Anyway, other possible soft-fork changes that could prevent confirmation of a currently valid transaction include reduction of the block size limit (as Luke has been demanding), imposing a minimum output value (an antispam measure proposed by Charlie Lee), limtiing the number of inputs and outputs, extending the wait period for spending coinbase UTXOs, and many more

I don't think it is the same thing at all. 

Support for legacy files and programs in newer relases of an OS is similar to the "clean fork" approach that I described.  namely, the new software is aware of the old sematics and can use it when required.  Any hard fork must have such backwards compatibilty, because it must recognize as valid all blocks and transactions that were confirmed before the fork.

Backwards compatibility in general is feasible as long as there is a feasible mapping of old semantics to the new infrastructure, and there is no technical or other reason to deny the conversion.    However, that sometimes is impossible; e.g. if an old program tries to access hardware functions that are not accessible in newer hardware, or if the mapping would require decrypting and re-encrypting data without access to the keys.

Similar difficulties exist in handling an old transaction that was created before a soft fork but was broadcast only after it, and became invalid under new rules.  The rules must have changed for a reason, so the transaction cannot simply be included in the blockchain as such.   For example, suppose that the change consisted in imposing a strict limit to the complexity of signatures, to prevent "costly transaction" attacks.  The miners cannot continue to accept old transactions according to old rules, because that would frustrate the goal of the fork. 

(Note that there is no way for a miner to determine when a transaction T1 was signed.  Even if it spends an UTXO in a transaction T2 that was confirmed only yesterday, it is possible that both T1 and T2 were signed a long time ago.)


I don't think that anyone is proposing to change the definition.  Transactions that have not been broadcast yet and transactions that are in the queue (mempool) of some nodes or miners, but are not safely buried into the blockchain, are equally unconfirmed. 

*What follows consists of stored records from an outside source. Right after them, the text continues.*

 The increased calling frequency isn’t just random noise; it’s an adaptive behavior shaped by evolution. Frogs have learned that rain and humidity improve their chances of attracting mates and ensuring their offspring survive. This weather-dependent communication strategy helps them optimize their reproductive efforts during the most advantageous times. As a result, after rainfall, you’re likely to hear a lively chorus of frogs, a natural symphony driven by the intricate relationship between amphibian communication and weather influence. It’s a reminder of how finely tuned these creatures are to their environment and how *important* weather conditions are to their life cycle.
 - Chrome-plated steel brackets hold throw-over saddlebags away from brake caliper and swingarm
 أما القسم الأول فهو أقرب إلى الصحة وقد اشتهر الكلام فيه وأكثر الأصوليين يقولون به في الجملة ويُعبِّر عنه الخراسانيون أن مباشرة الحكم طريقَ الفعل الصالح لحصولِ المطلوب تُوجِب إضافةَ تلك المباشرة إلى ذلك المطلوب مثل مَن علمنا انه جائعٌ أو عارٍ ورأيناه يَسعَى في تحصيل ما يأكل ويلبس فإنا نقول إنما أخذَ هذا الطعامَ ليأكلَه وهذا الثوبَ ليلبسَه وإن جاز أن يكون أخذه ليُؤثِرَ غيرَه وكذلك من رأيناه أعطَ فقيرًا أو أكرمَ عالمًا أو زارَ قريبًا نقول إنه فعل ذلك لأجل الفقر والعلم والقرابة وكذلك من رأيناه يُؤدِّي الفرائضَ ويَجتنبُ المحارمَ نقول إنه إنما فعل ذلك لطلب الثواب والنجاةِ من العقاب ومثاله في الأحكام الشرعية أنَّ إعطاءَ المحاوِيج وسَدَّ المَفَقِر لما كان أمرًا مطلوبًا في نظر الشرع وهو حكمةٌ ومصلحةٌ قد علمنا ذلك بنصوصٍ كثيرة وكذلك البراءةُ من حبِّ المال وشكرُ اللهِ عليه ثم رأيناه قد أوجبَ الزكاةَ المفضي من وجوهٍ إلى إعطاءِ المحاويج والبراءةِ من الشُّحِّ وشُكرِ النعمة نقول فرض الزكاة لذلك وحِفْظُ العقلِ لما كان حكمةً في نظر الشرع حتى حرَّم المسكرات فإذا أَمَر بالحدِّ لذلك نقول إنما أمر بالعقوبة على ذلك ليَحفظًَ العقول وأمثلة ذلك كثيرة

I meant to point out that there is no way that a client can make sure that an unconfirmed transaction will ever be confirmed, even if it seems to be valid by current rules.  Everybody agrees on that.?

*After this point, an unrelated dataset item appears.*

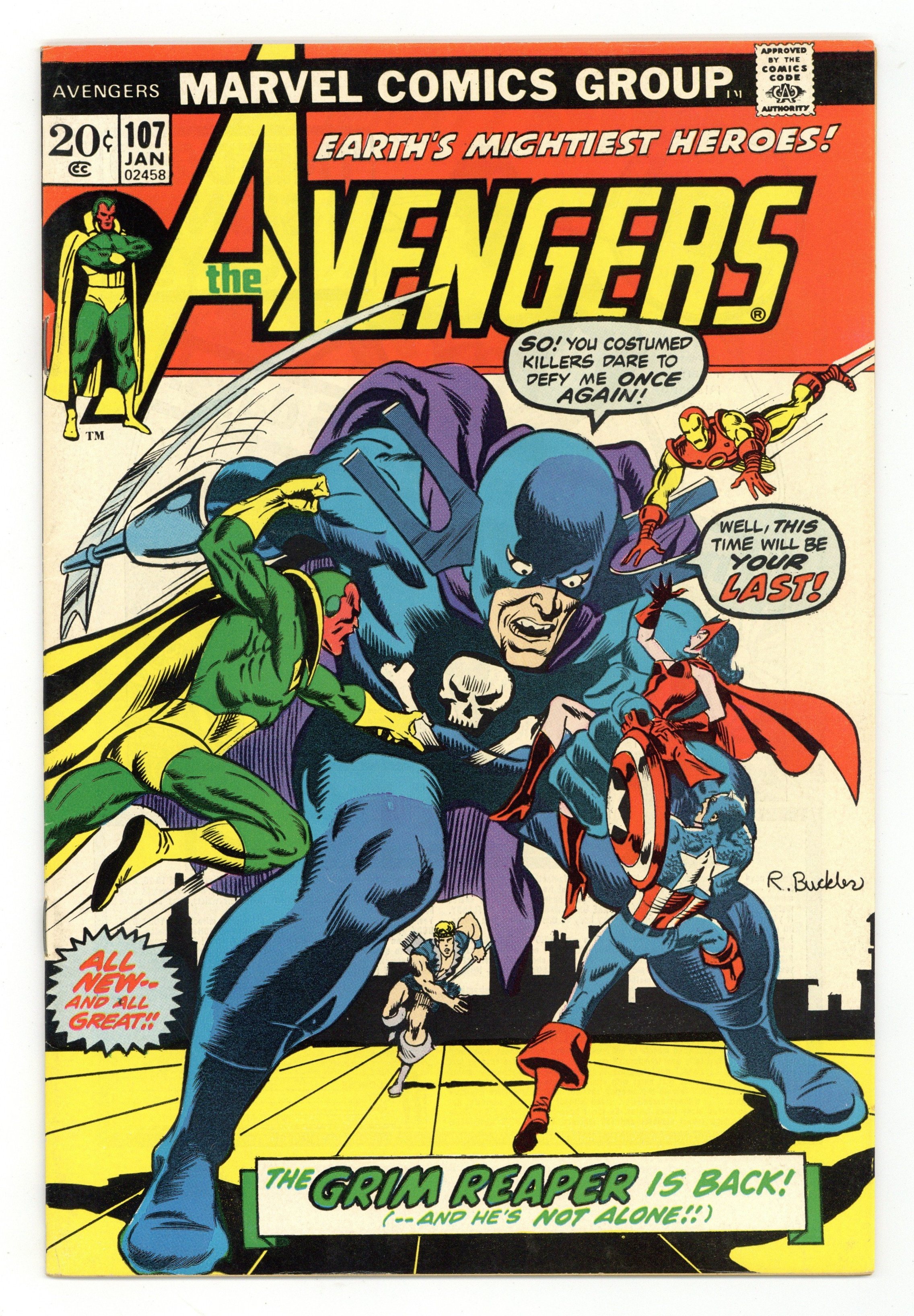 "The Master Plan of the Space Phantom!" Part 2 of 3. Script by Steve Englehart. Pencils by Jim Starlin (pages 1-3, 13-20) and George Tuska (pages 4-13) Inks by Dave Cockrum. Cover by Rich Buckler. The Space Phantom is back! And the Grim Reaper is right by his side! Four avengers have already fallen to the deadly duo and now only Captain America and the Vision remain free! The star-spangled avenger visits an old Hydra hideout to solve the mystery of his sudden flashbacks, while the synthezoid avenger wanders through Central Park. When the Grim Reaper catches up to the Vision, he makes him a final, yet different offer: Forget the body of Simon Williams, take the body of Captain America instead! Wow, would the Vision agree to that? Stay tuned! Flashback cameos by the original Avengers, Loki, Jane Foster, Rick Jones, and Madame Hydra to recap the events of Avengers (1st series) 2, Thor 108, and Captain America 113, respectively. Avengers Lineup: Black Panther, Captain America, Hawkeye, Iron Man, Scarlet Witch, and the Vision. (Note: The letters page includes a letter from Elfquest creator Wendy Pini.) 36 pages Cover price $0.20.

In fact, there is no way to put a probability value on that event, even with the usual assumptions of well-distributed mining etc.  Everybody still agrees?

But then it follows that clients who hold signed transactions for broadcast at a later date cannot trust that they will be confirmed, even if they seem to be valid at the time of igning.  Everybody OK with this?

Thus, there is no weight in the argument "we cannot do X because it would invalidate all pre-signed transactions that people are holding". 

Pre-signed but unbroadcast or unconfirmed transactions seem to be a tough problem. 

If the protocol is to support such transactions, then soft forks must be forbidden, since (by definition)  transactions that were valid before a soft fork may be invalid after it.  BIP66 invalidated any unbroadcast transactions that used the signature variants that it excluded. Even the deployment of SegWit as a soft fork could invalidate some valid transactions.

IMHO, the safest way to introduce changes is by a clean fork:  making sure that *every* transaction or block that is valid under the old rules is invalid under the new ones, and vice-versa.  The code for the change should be introduced in some release N of the software, but the change itself should be programmed to become active at some block number X that is ~6 months in the future, after the expected date of release N+3.   Then users can be warned of the impending fork at the time of release N, and in particular that any transaction created with older releases that is not confirmed by block X will never be confirmed. 

This does not solve completely the problem of transactions that are created specifically for delayed broadcast, but reduces the severity.  Clients who need that feature can tell their new wallet software, after upgrading to release N, whether they intend to bradcast them before or after block X.  (Or they can create both versions, just in case.)

The problem is that soft forks cannot be prevented.  If a simple majority of the miners wants to impose a soft-fork type of change, all they have to do is to start rejecting all blocks and transactions that are invalid under their chosen new rules.  They don't even have to warn other miners, users, or relay nodes; and even if they do, there is nothing that these players can do to prevent the fork.

TL;DR: Holding on to pre-signed transactions,without broadcasting them, seem to be a bad idea.  There is no way to guarantee that a transaction will be confirmed, until it is confirmed.   The older the transaction, the greater the risk of it becoming invalid.

The initial depoyment of SegWit will not enable Schnorr signatures, will it? Won't they require a hard fork anyway?

Even with Schnorr signatures, the miners would still have to accept old-style multisigs produced by old clients, right?  Then an attacker could still generate those hard-to-validate blocks, no?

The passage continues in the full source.